→ **About this exercise**: Reproduce the material below only from the line with "沙發表面採用初剪羊毛、羊駝毛" to the line with "Стринги T-Back с", both included, keeping each line exact and dropping the pictures.

→ **Given records**:
————————
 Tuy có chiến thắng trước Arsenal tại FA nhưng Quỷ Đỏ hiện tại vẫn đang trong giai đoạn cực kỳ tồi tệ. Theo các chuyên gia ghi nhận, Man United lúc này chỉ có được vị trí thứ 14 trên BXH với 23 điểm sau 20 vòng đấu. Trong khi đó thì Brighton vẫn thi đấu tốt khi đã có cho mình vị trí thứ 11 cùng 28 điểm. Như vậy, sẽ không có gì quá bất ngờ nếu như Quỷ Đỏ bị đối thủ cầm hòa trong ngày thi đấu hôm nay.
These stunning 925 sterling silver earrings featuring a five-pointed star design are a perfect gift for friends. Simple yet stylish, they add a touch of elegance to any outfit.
————————
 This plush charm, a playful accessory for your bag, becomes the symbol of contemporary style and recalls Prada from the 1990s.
————————
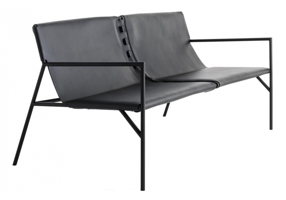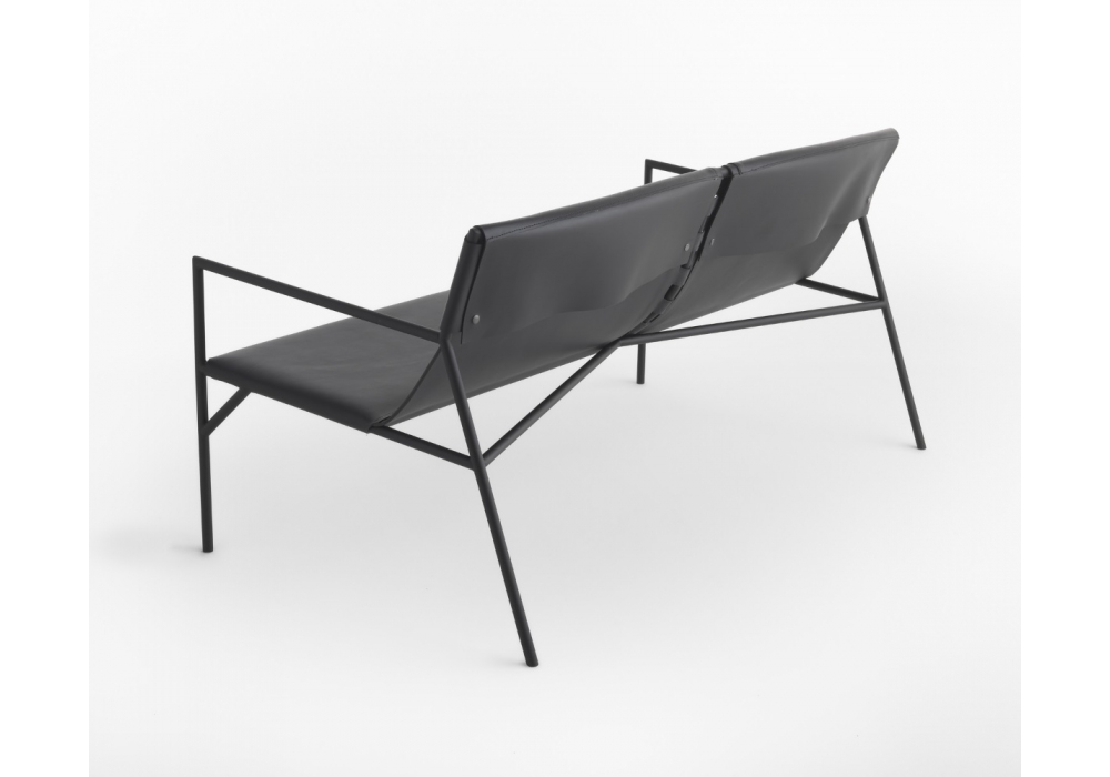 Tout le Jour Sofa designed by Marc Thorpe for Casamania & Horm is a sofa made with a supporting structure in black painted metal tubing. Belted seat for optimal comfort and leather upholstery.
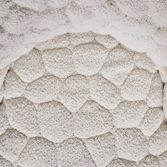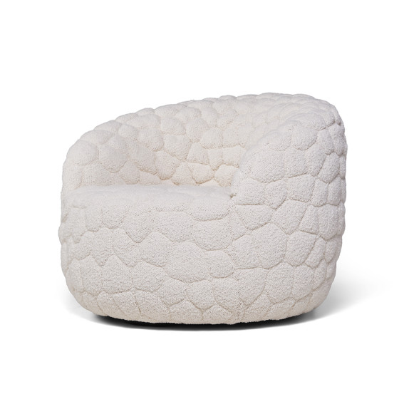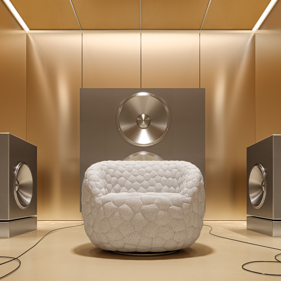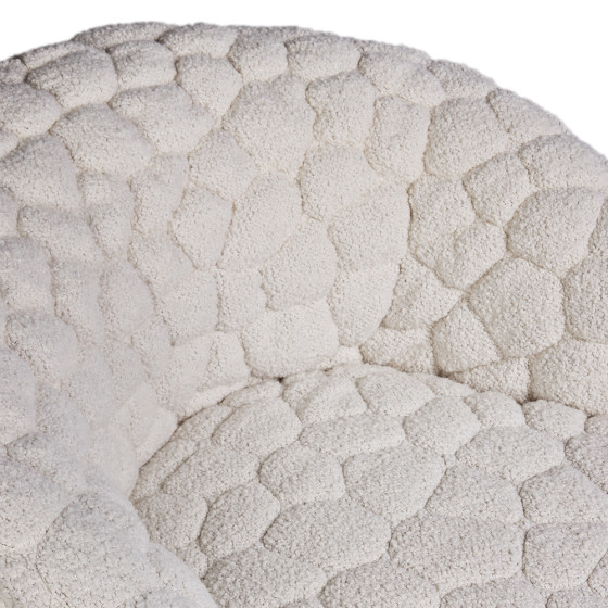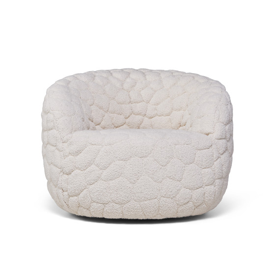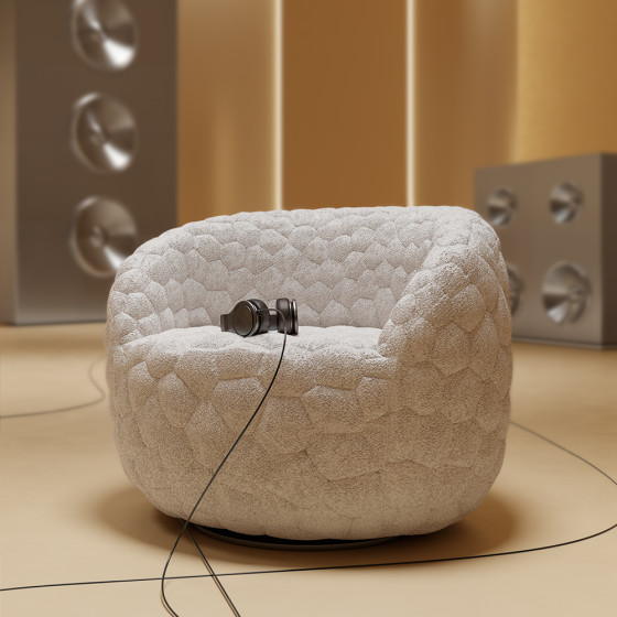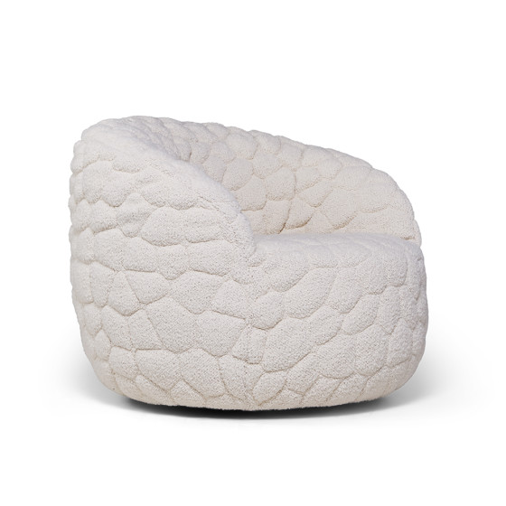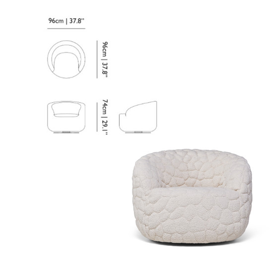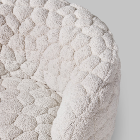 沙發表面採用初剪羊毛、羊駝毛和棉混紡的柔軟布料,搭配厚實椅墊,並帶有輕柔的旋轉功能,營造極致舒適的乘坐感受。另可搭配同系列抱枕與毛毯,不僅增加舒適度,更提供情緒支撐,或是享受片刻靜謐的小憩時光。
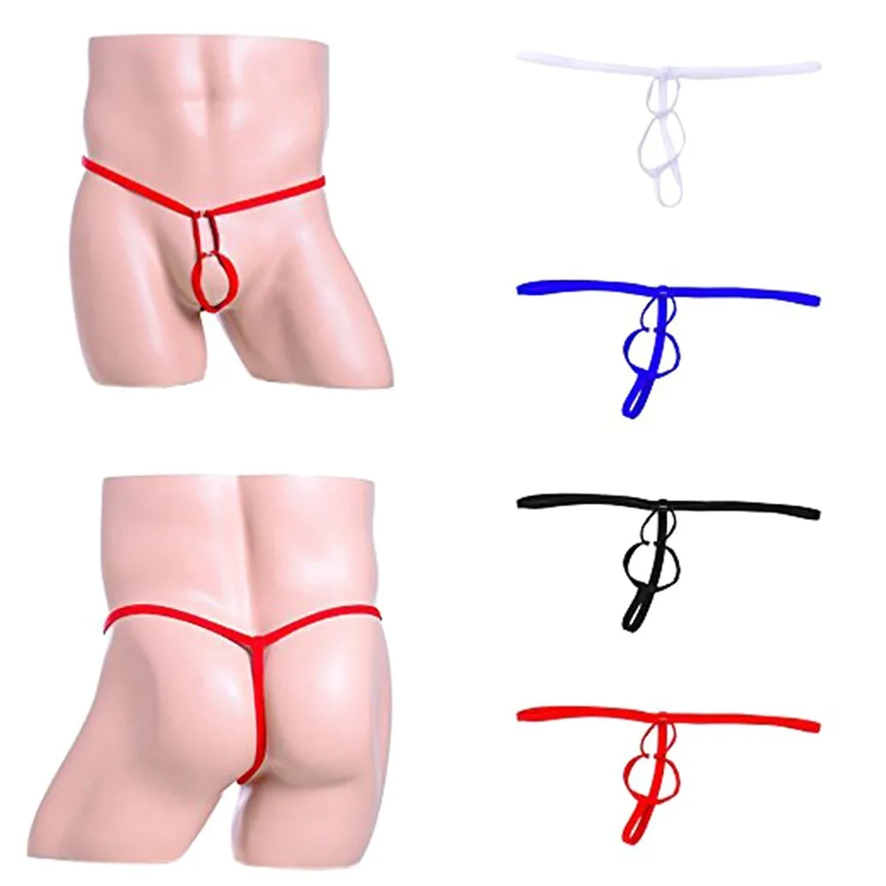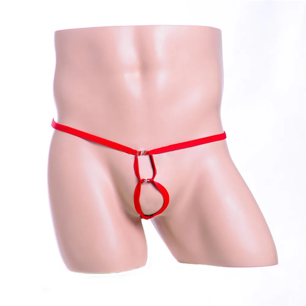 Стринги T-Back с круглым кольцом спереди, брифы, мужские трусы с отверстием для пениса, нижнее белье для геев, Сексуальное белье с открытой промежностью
————————
→ **Solution for this task**:
 沙發表面採用初剪羊毛、羊駝毛和棉混紡的柔軟布料,搭配厚實椅墊,並帶有輕柔的旋轉功能,營造極致舒適的乘坐感受。另可搭配同系列抱枕與毛毯,不僅增加舒適度,更提供情緒支撐,或是享受片刻靜謐的小憩時光。
 Стринги T-Back с круглым кольцом спереди, брифы, мужские трусы с отверстием для пениса, нижнее белье для геев, Сексуальное белье с открытой промежностью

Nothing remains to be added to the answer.